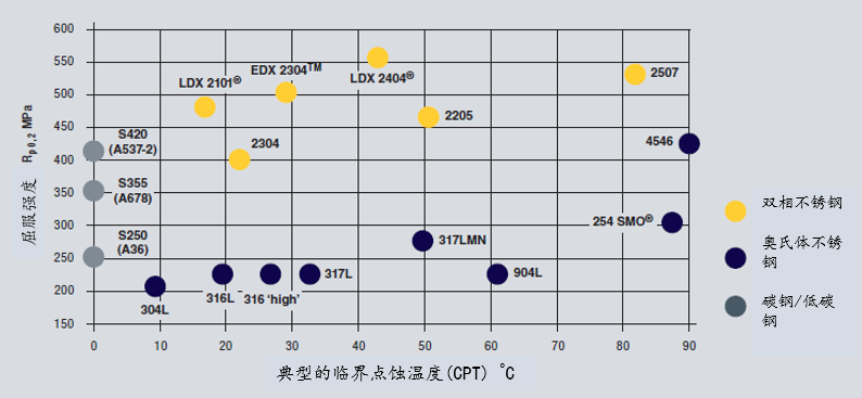 圖1 多個不銹鋼牌號的屈服強度和耐蝕性能,碳鋼作為對比。
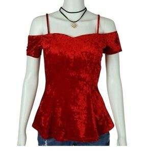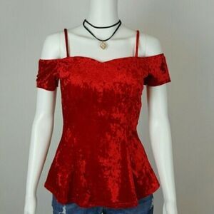 Red Velvet Top Cold Shoulder With Shocker
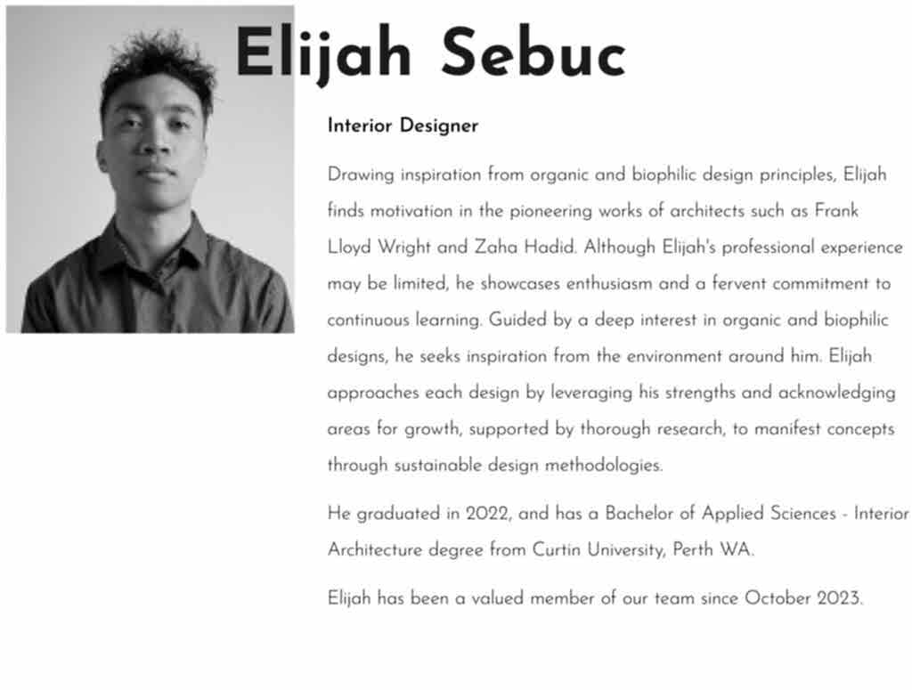 “I am an individual who takes inspiration in organic and biophilic designs, following the works of Frank Llyod Wright and Zaha Hadid. I tackle each design with a creative but efficient approach. Utilizing strengths and weaknesses, applying knowledge, and acquiring detailed research, each design brings concepts and ideas to life through smart and sustainable design practice.”
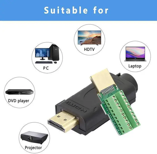 This HDMI solderless breakout terminal provides a solder-free solution for custom HDMI cable making, repairing, and extending. Gold-plated contact points guarantee reliable signal transfer while reducing interference. The set includes a protective plastic cover and screwdriver for tool-free, quick assembly. Ideal for electronic DIY, engineering wiring, and on-site cable modification without professional welding equipment.
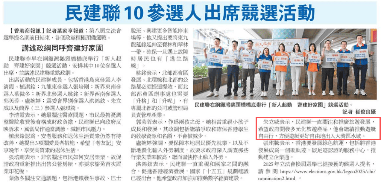 朱立威表示,民建聯一直關注和推廣旅遊發展,希望政府開發多元化旅遊產品,他會繼續推動遊艇自由行,方便遊艇更好自由地出入大灣區水域。
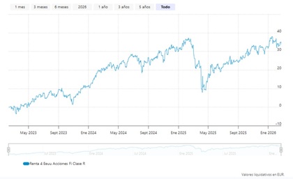 Renta 4 EE.UU. Acciones FI se revaloriza un +4,1% en dólares y un +3% en euros en el mes de enero de 2026. Desde su creación en febrero de 2023, se revaloriza un +56% en dólares (+15,99% anualizado) y un +42% en euros (+12,40% anualizado).
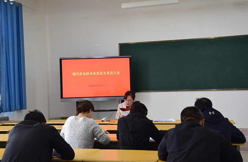 9月17日,現代農業(yè)技術系在行樹樓305室召開全體黨員大會,系黨總支書記晏素珍主持會議。
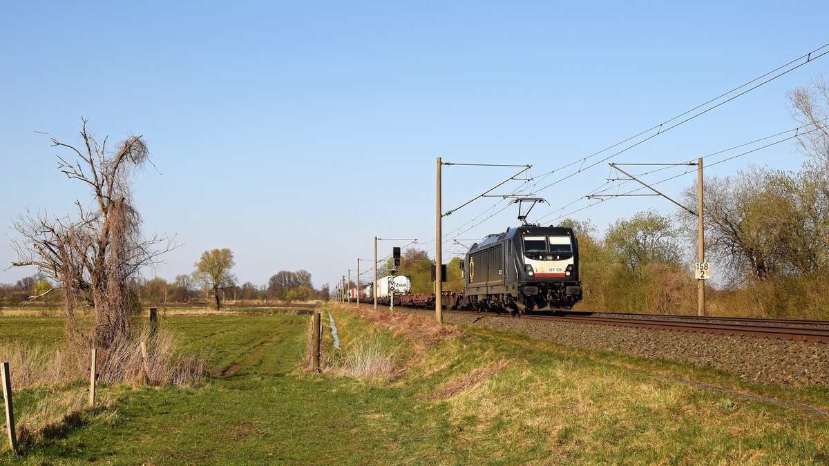 BRCE (ex DB Cargo) 187 106 (91 80 6187 106-0 D-DISPO), vermietet an Kombirail Europe, mit KLV-Zug in Richtung Osnabrück (Hüde, 02.04.2025).
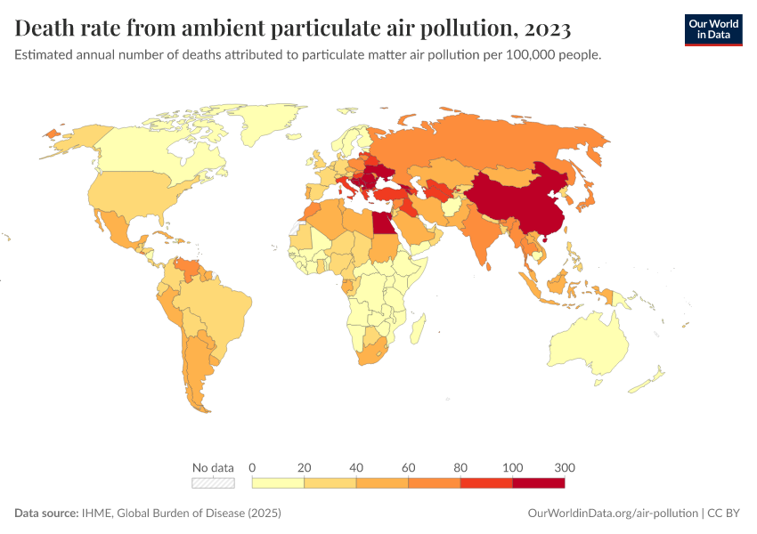 IHME, Global Burden of Disease (2024) – with minor processing by Our World in Data. “Death rate from ambient particulate air pollution” [dataset]. IHME, Global Burden of Disease, “Global Burden of Disease - Risk Factors” [original data]. Retrieved February 12, 2026 from https://chart-preview-extension.owid.pages.dev:8789/20250909-093708/grapher/death-rate-from-ambient-particulate-air-pollution.html (archived on September 9, 2025).
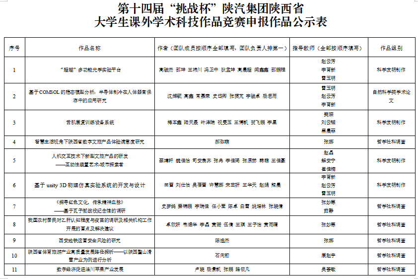 根据《关于组织开展第十四届“挑战杯”陕汽集团陕西省大学生课外学术科技作品竞赛的通知》的通知,结合我院具体情况,经学院内外专家评审意见审核,拟推荐以下11件作品申报参加第十四届“挑战杯”陕汽集团陕西省大学生课外学术科技作品竞赛,现将作品予以公示。
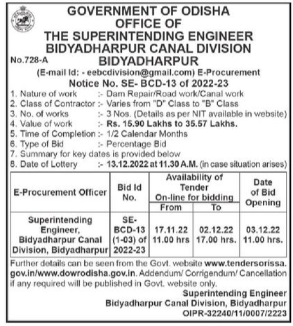 Tender for Dam Repair/Road work/Canal work
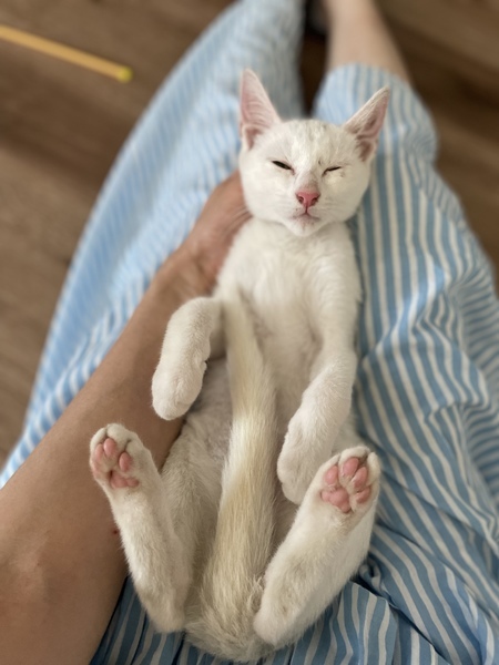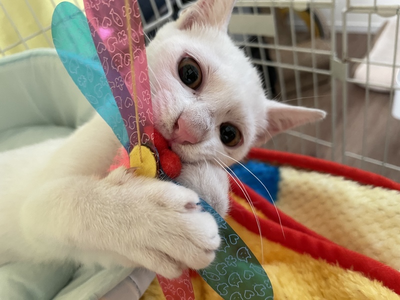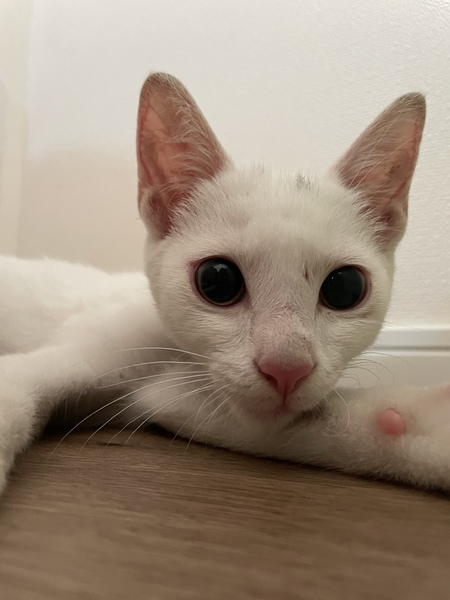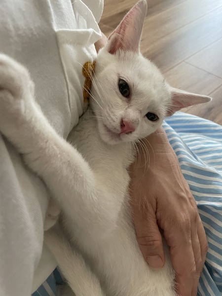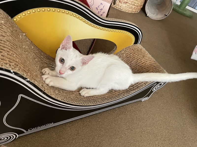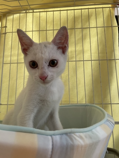 | 特徴(性格など) | 全身白くて頭に少しグレーの点々があります。 大人になって消える子もいるようです。 人馴れしていて、甘えん坊! たくさん遊んでたくさん食べる健康優良児です♪ ウイルス検査:エイズ、白血病ともに陰性 |
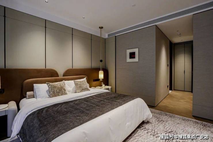 私密场域依旧保持静谧,黑白色基础上搭配了更多的色彩,例如深棕、浅紫等,艺术品的衬托深邃迷人,热络了家的氛围。
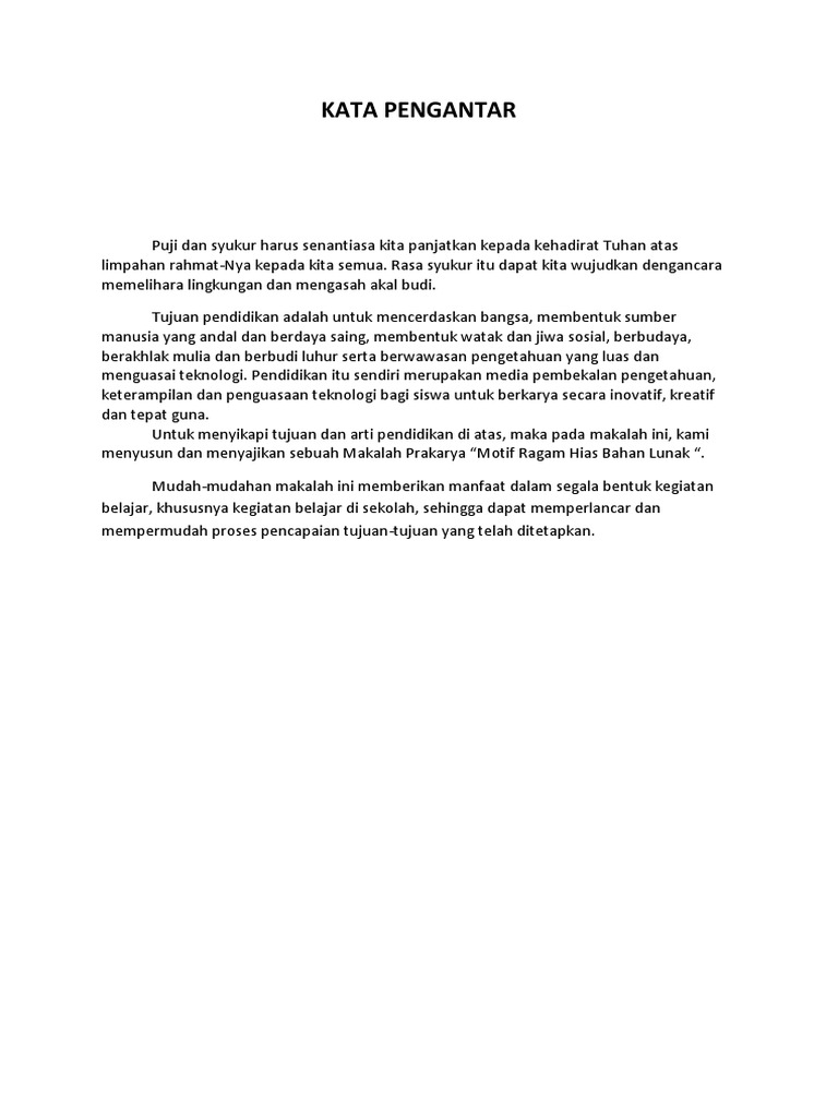Contoh Kata Pengantar Prakarya - Guru Ilmu Sosial
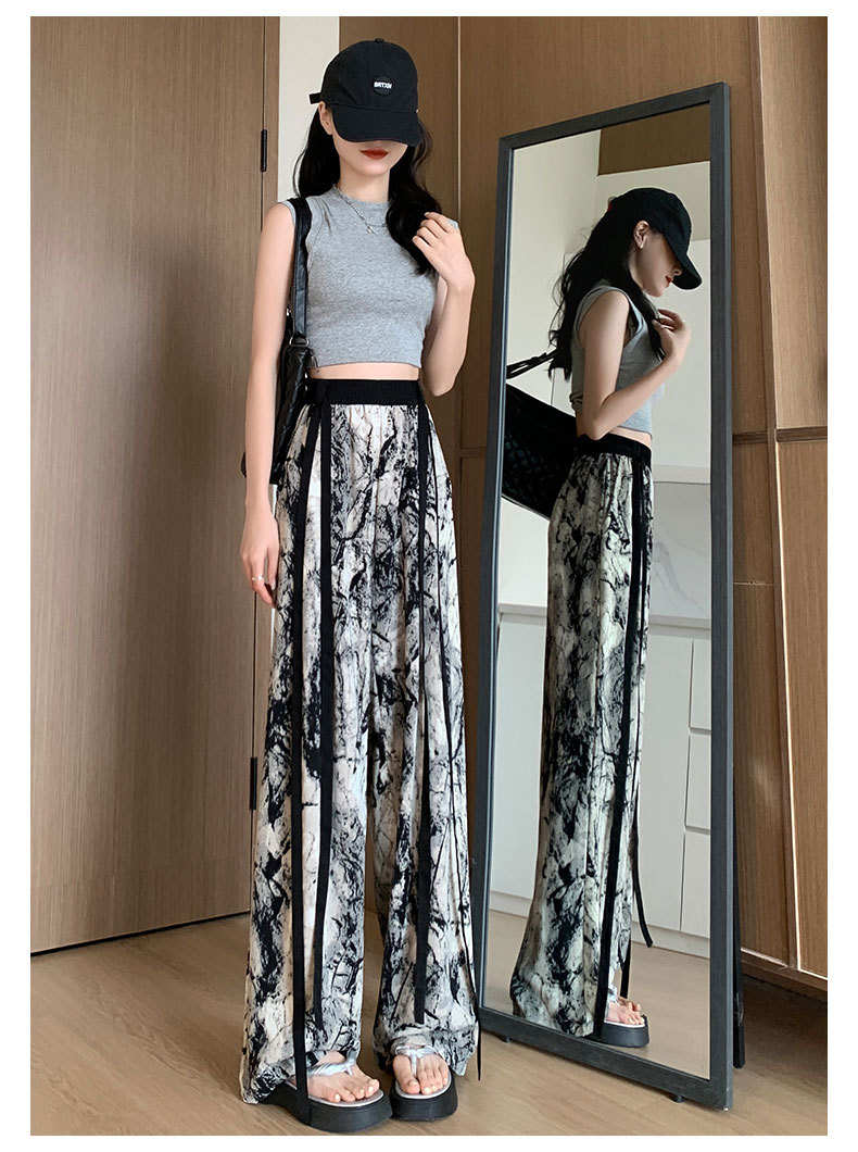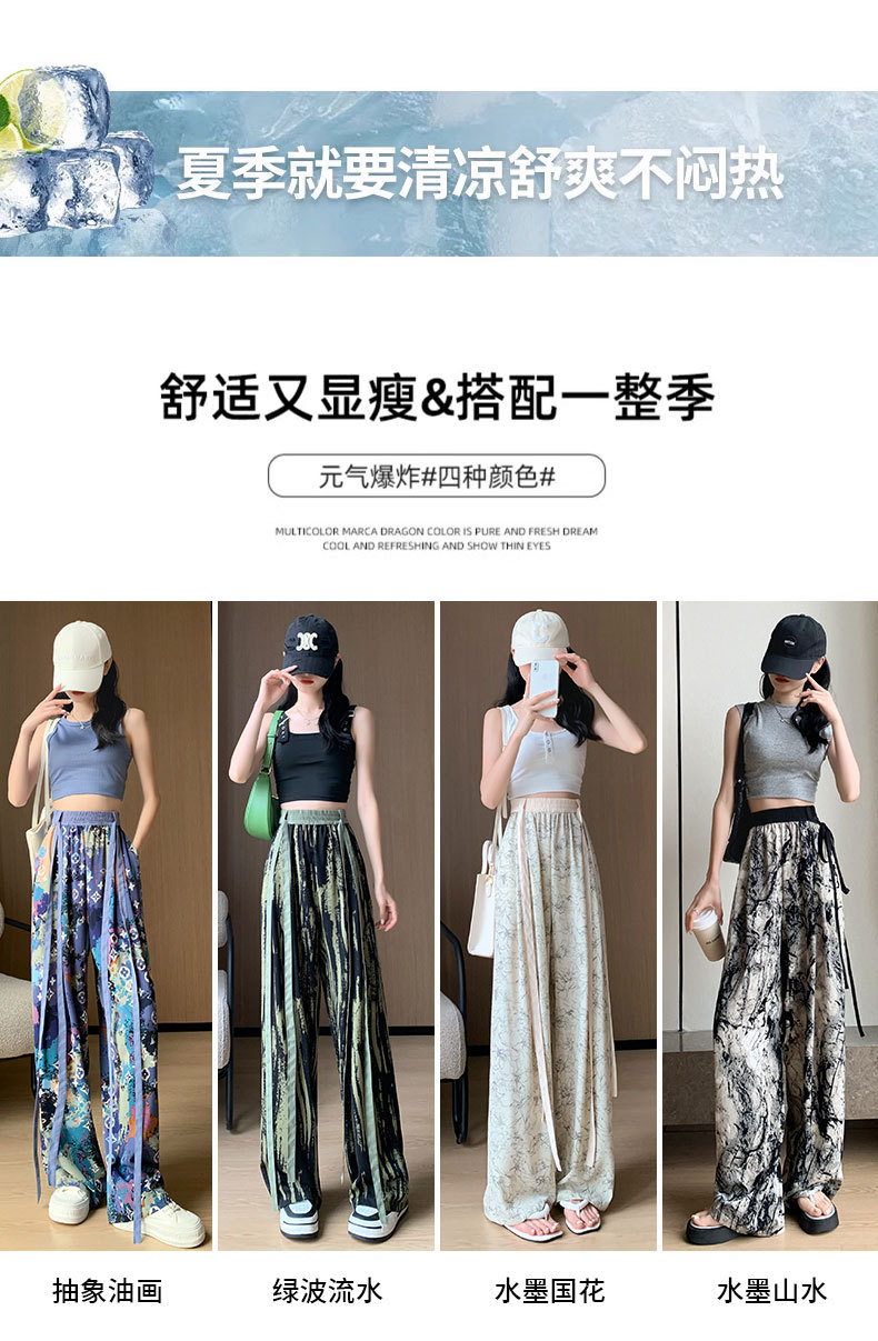 【夏日必备】新款水墨画阔腿裤女,夏季薄款,雪纺高腰休闲直筒裤,垂感扎染设计,冰丝防晒裤子,让你尽情舒适自在,展现你的优雅和气质。

● **TASK TO CARRY OUT**: Keep the pictures out and transcribe the listing exactly.

● **EXERCISE RESPONSE**:
 圖1 多個不銹鋼牌號的屈服強度和耐蝕性能,碳鋼作為對比。
 Red Velvet Top Cold Shoulder With Shocker
 “I am an individual who takes inspiration in organic and biophilic designs, following the works of Frank Llyod Wright and Zaha Hadid. I tackle each design with a creative but efficient approach. Utilizing strengths and weaknesses, applying knowledge, and acquiring detailed research, each design brings concepts and ideas to life through smart and sustainable design practice.”
 This HDMI solderless breakout terminal provides a solder-free solution for custom HDMI cable making, repairing, and extending. Gold-plated contact points guarantee reliable signal transfer while reducing interference. The set includes a protective plastic cover and screwdriver for tool-free, quick assembly. Ideal for electronic DIY, engineering wiring, and on-site cable modification without professional welding equipment.
 朱立威表示,民建聯一直關注和推廣旅遊發展,希望政府開發多元化旅遊產品,他會繼續推動遊艇自由行,方便遊艇更好自由地出入大灣區水域。
 Renta 4 EE.UU. Acciones FI se revaloriza un +4,1% en dólares y un +3% en euros en el mes de enero de 2026. Desde su creación en febrero de 2023, se revaloriza un +56% en dólares (+15,99% anualizado) y un +42% en euros (+12,40% anualizado).
 9月17日,現代農業(yè)技術系在行樹樓305室召開全體黨員大會,系黨總支書記晏素珍主持會議。
 BRCE (ex DB Cargo) 187 106 (91 80 6187 106-0 D-DISPO), vermietet an Kombirail Europe, mit KLV-Zug in Richtung Osnabrück (Hüde, 02.04.2025).
 IHME, Global Burden of Disease (2024) – with minor processing by Our World in Data. “Death rate from ambient particulate air pollution” [dataset]. IHME, Global Burden of Disease, “Global Burden of Disease - Risk Factors” [original data]. Retrieved February 12, 2026 from https://chart-preview-extension.owid.pages.dev:8789/20250909-093708/grapher/death-rate-from-ambient-particulate-air-pollution.html (archived on September 9, 2025).
 根据《关于组织开展第十四届“挑战杯”陕汽集团陕西省大学生课外学术科技作品竞赛的通知》的通知,结合我院具体情况,经学院内外专家评审意见审核,拟推荐以下11件作品申报参加第十四届“挑战杯”陕汽集团陕西省大学生课外学术科技作品竞赛,现将作品予以公示。
 Tender for Dam Repair/Road work/Canal work
 | 特徴(性格など) | 全身白くて頭に少しグレーの点々があります。 大人になって消える子もいるようです。 人馴れしていて、甘えん坊! たくさん遊んでたくさん食べる健康優良児です♪ ウイルス検査:エイズ、白血病ともに陰性 |
 私密场域依旧保持静谧,黑白色基础上搭配了更多的色彩,例如深棕、浅紫等,艺术品的衬托深邃迷人,热络了家的氛围。
Contoh Kata Pengantar Prakarya - Guru Ilmu Sosial
 【夏日必备】新款水墨画阔腿裤女,夏季薄款,雪纺高腰休闲直筒裤,垂感扎染设计,冰丝防晒裤子,让你尽情舒适自在,展现你的优雅和气质。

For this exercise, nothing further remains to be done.